The answer must be the full listing, word for word, with no pictures in it.

:: Data for processing ::

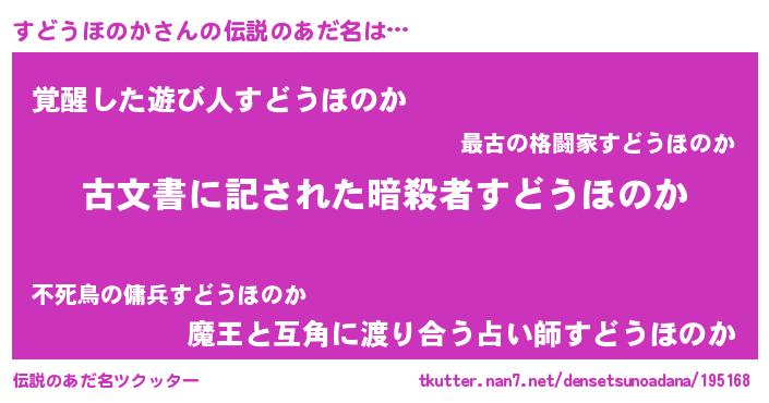 | 男性向けラノベタイトル風あだ名 | 『この素晴らしい世界にすどうほのかを!』 |
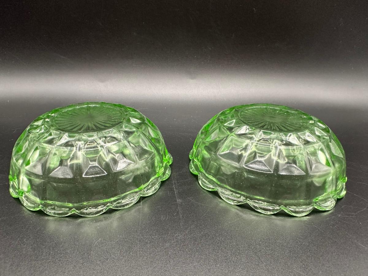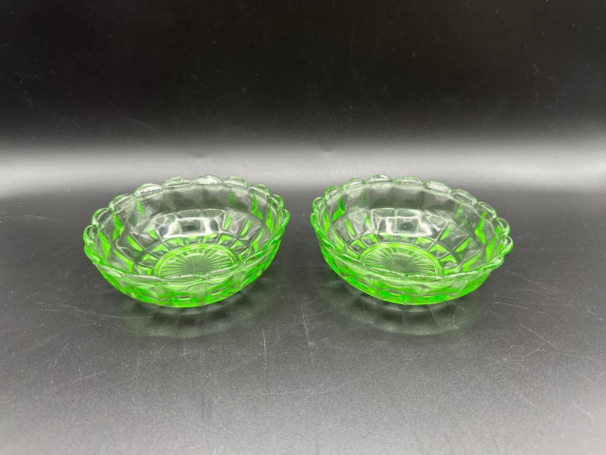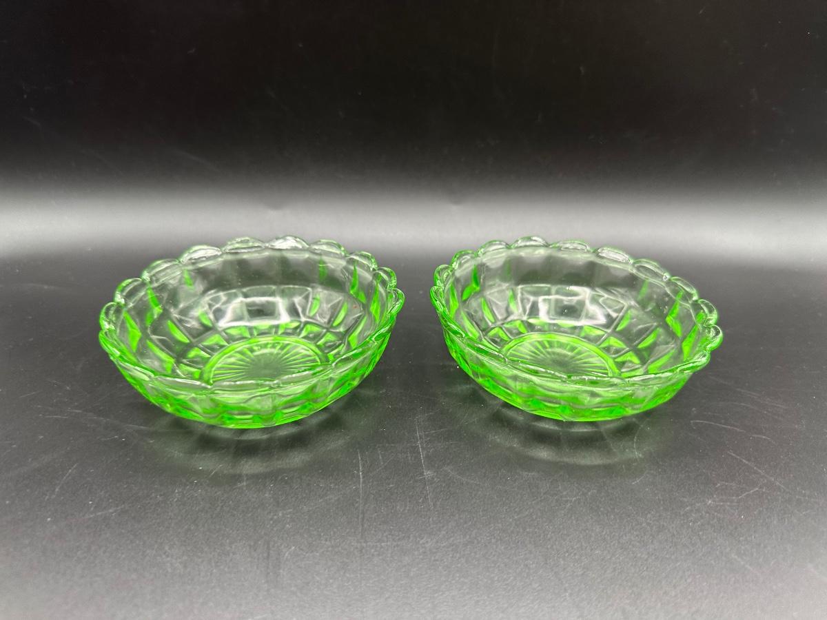 Two URANIUM Green Glass Trinket Dishes
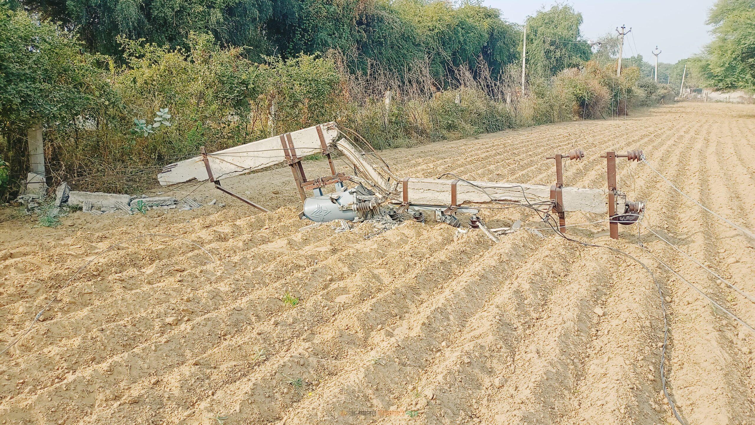 विद्युत विभाग की बड़ी लापरवाही : सहड़ गांव में तीन दिन से टूटा पड़ा है 11 हजार केवी लाईट का पोल, धूल फांक रही है डीपी
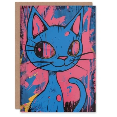 Artery8 Birthday Card Pink Blue Art Cat Painting Abstract Punk Blank Arty All Occasion Greeting
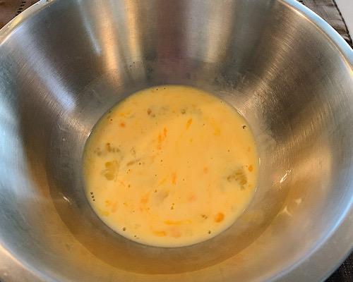 大きめのボウルに卵を溶きほぐしてから、牛乳を加えて混ぜておく。
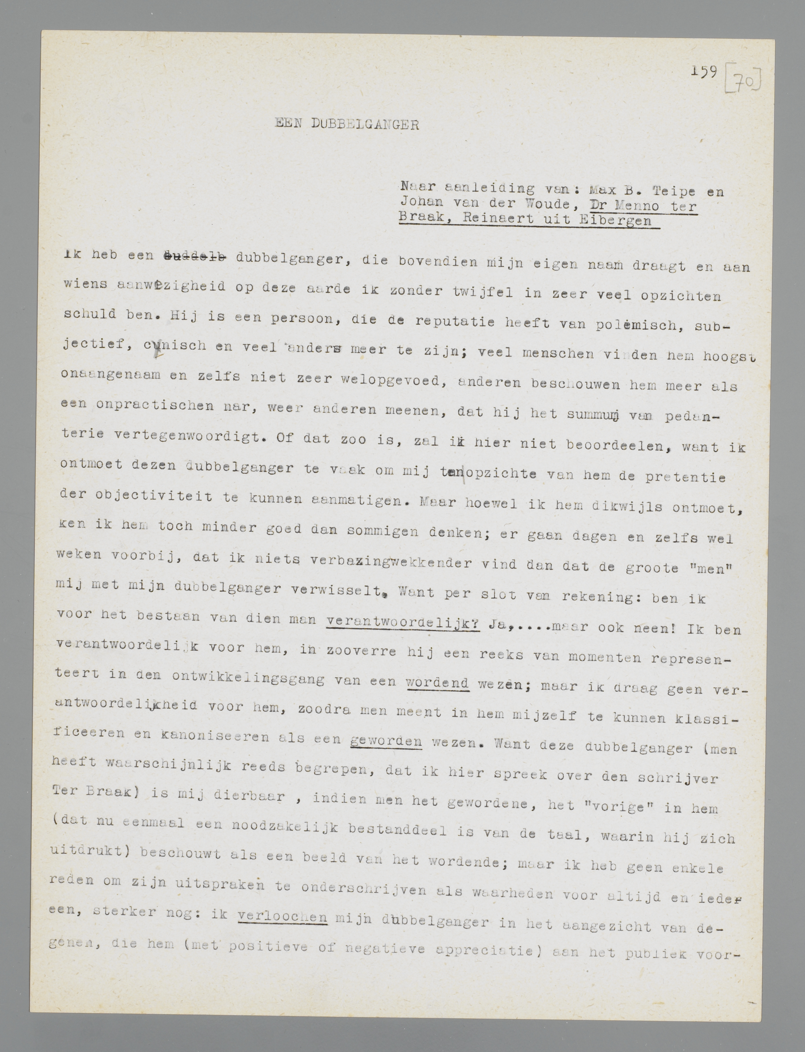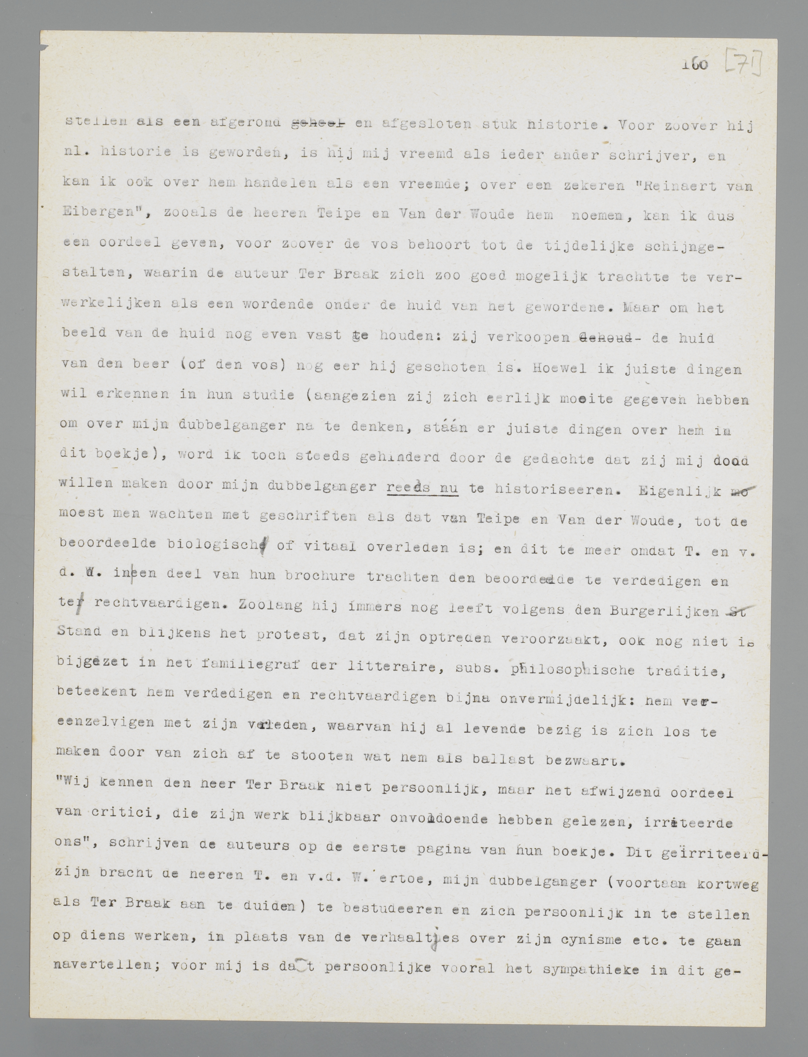 maar ik draag geen verantwoordelijkheid voor hem, zoodra men meent in hem mijzelf te kunnen klassificeeren en kanoniseeren als een geworden wezen. Want deze dubbelganger (men heeft waarschijnlijk reeds begrepen, dat ik hier spreek over den schrijver Ter Braak) is mij dierbaar, indien men het gewordene, het ‘vorige’ in hem (dat nu eenmaal een noodzakelijk bestanddeel is van de taal, waarin hij zich uitdrukt) beschouwt als een beeld van het wordende; maar ik heb geen enkele reden om zijn uitspraken te onderschrijven als waarheden voor altijd en iedereen, sterker nog: ik verloochen mijn dubbelganger in het aangezicht van degenen, die hem (met positieve of negatieve appreciatie) aan het publiek voorstellen als een afgerond en afgesloten stuk historie. Voor zoover hij nl. historie is geworden, is hij mij vreemd als ieder ander schrijver, en kan ik ook over hem handelen als een vreemde; over een zekeren ‘Reinaert van Eibergen’, zooals de heeren Teipe en Van der Woude hem noemen, kan ik dus een oordeel geven, voor zoover de vos behoort tot de tijdelijke schijngestalten, waarin de auteur Ter Braak zich zoo goed mogelijk trachtte te verwerkelijken als een wordende onder de huid van het gewordene. Maar om het beeld van de huid nog even vast te houden: zij verkoopen de huid van den beer (of den vos) nog eer hij geschoten is. Hoewel ik

:::

Solution to this task:
 | 男性向けラノベタイトル風あだ名 | 『この素晴らしい世界にすどうほのかを!』 |
 Two URANIUM Green Glass Trinket Dishes
 विद्युत विभाग की बड़ी लापरवाही : सहड़ गांव में तीन दिन से टूटा पड़ा है 11 हजार केवी लाईट का पोल, धूल फांक रही है डीपी
 Artery8 Birthday Card Pink Blue Art Cat Painting Abstract Punk Blank Arty All Occasion Greeting
 大きめのボウルに卵を溶きほぐしてから、牛乳を加えて混ぜておく。
 maar ik draag geen verantwoordelijkheid voor hem, zoodra men meent in hem mijzelf te kunnen klassificeeren en kanoniseeren als een geworden wezen. Want deze dubbelganger (men heeft waarschijnlijk reeds begrepen, dat ik hier spreek over den schrijver Ter Braak) is mij dierbaar, indien men het gewordene, het ‘vorige’ in hem (dat nu eenmaal een noodzakelijk bestanddeel is van de taal, waarin hij zich uitdrukt) beschouwt als een beeld van het wordende; maar ik heb geen enkele reden om zijn uitspraken te onderschrijven als waarheden voor altijd en iedereen, sterker nog: ik verloochen mijn dubbelganger in het aangezicht van degenen, die hem (met positieve of negatieve appreciatie) aan het publiek voorstellen als een afgerond en afgesloten stuk historie. Voor zoover hij nl. historie is geworden, is hij mij vreemd als ieder ander schrijver, en kan ik ook over hem handelen als een vreemde; over een zekeren ‘Reinaert van Eibergen’, zooals de heeren Teipe en Van der Woude hem noemen, kan ik dus een oordeel geven, voor zoover de vos behoort tot de tijdelijke schijngestalten, waarin de auteur Ter Braak zich zoo goed mogelijk trachtte te verwerkelijken als een wordende onder de huid van het gewordene. Maar om het beeld van de huid nog even vast te houden: zij verkoopen de huid van den beer (of den vos) nog eer hij geschoten is. Hoewel ik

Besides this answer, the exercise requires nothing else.